One night, we got out of the duece and a halfs, oriented ourselves and broke into four groups. Three of my platoons went their seperate ways and the company commander (me) took his two RTO's and went deep into the woods.
The armorer (John Roach) and the commo sergent (Tom Radke) and I (Giz) went along the military crest of a long shallow ridge. Lots of deep dark woods. We all packed night vision goggles,
M16A2s, bayonets, blank ammo, miles gear and a radio each.
We knew the West German recon guys were playing this week and we were very interested in them. Until this time we had not seen them except in the cantonment area. There was a question as to what role they were playing. The guys and I had moved several klicks when we heard the crunching of brush behind us. We cut over the top of the hill at a dead run and hunkered down. We were firmly convinced that the German recon boys were hot on our tracks.

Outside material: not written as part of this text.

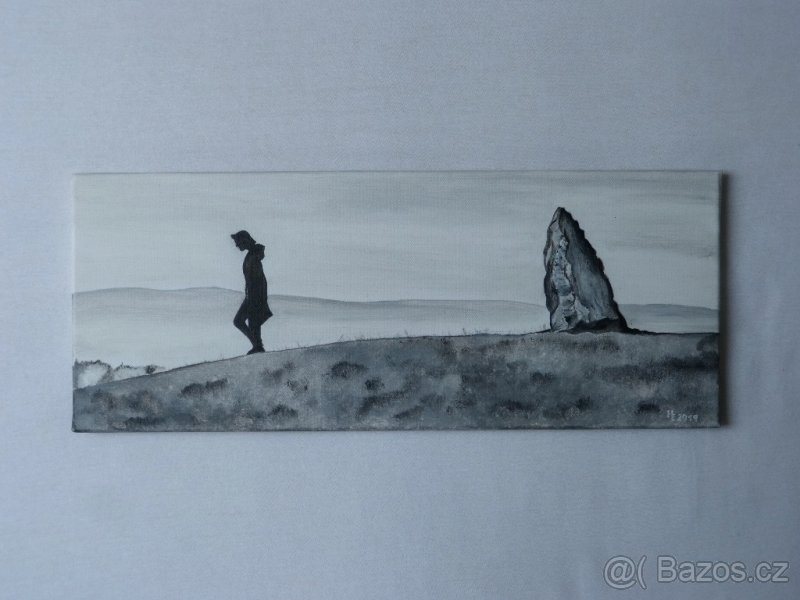 Obraz malován akrylovými barvami na plátno potažené na dřevěném rámu. Rozměr obrazu 20 x 50 cm. Pomalovány i boční strany. Cena 680,- Kč + poštovné.

This ridge line was heavily forested and very dark. We figured the Germans were trying to chase our team down and capture me (us). We had zigged and zagged after putting the crest of the hill between them and us, so we figured we should just go to ground. The thought was that they couldn't see us and would go past us.
Didn't happen. Couldn't see'em, but we damn sure heard'em cross the crest at the same spot we did, buttonhook the same way we did and start right up our back trail.
I figured right then that I was not going to get captured or shot. I dropped my ruck, shoved my map and CEOI in my pocket, grabbed my rifle and prepared to let Tom and John die gallently for their country.
But something was wrong. This tracking was superhuman. I decided that I was at least going to get a look at these Aryan supermen prior to leading them on a long cross-country run.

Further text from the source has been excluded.